Robinson is not the flashiest receiver in this draft, and that does attribute him being under the radar. He isn't the fastest receiver out there, nor the biggest, however, he is very good at nearly every aspect of the position. He has a good combination of size, speed and hands to excel at the next level. 

Because of these traits, he reminds me of Houston Texans All-Pro receiver Andre Johnson. They both possess a keen ability to make yards after the catch, as well as being able to high-point deep balls, as you can see below. They both possess a big frame they use to out-muscle smaller corners to fight for more yardage. 

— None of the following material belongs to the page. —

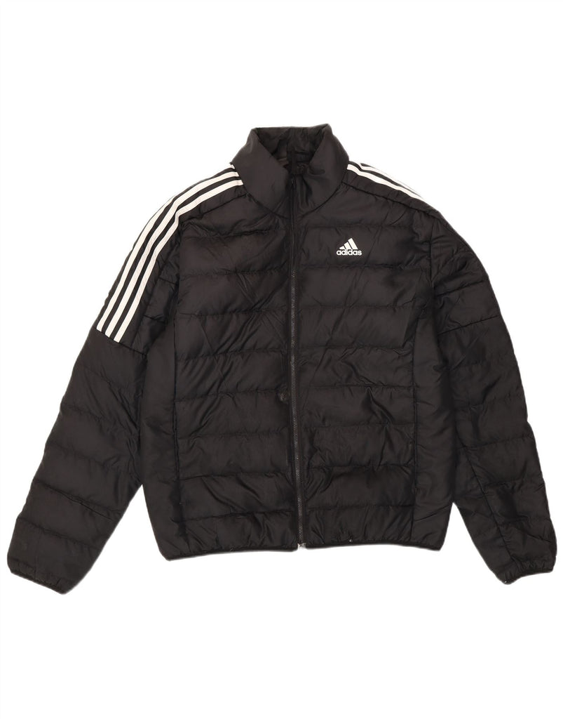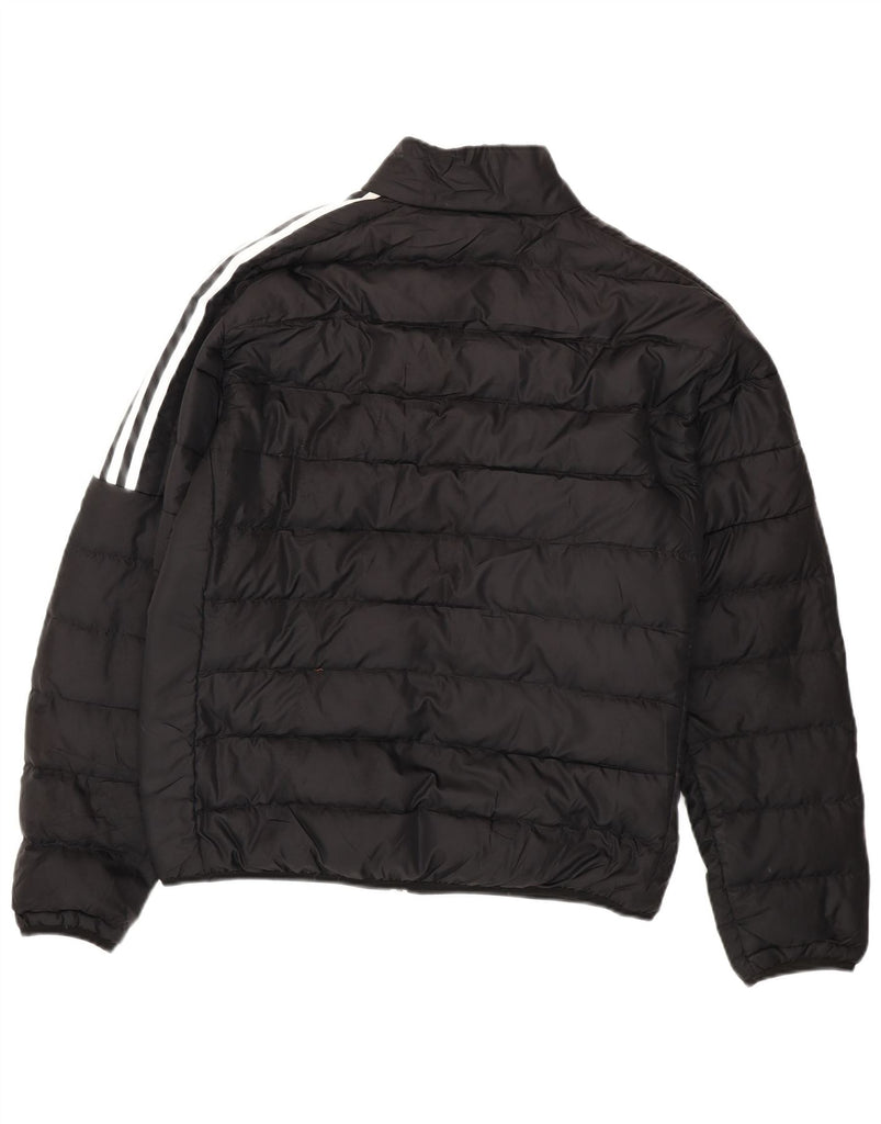 - AI Description: This Adidas mens padded jacket is crafted from black polyester with a smooth finish. It features a lightweight down and feather filling for thermal warmth. The collared neckline and long sleeves offer classic coverage. A full zip closure secures the front. Its regular fit ensures comfortable wear. Practical pockets provide storage. A subtle logo accent completes the sporty design.

Robinson has everything you want from a receiver in order to succeed at the next level. While he does have some room to improve, like blocking and body control, these things are coachable. He has the experience coaches like after playing in a pro-style offense. He is definitely a receiver that can be worked with and can contribute early on in his career.

He put on a show for two years at Happy Valley and is now poised to do it for the NFL.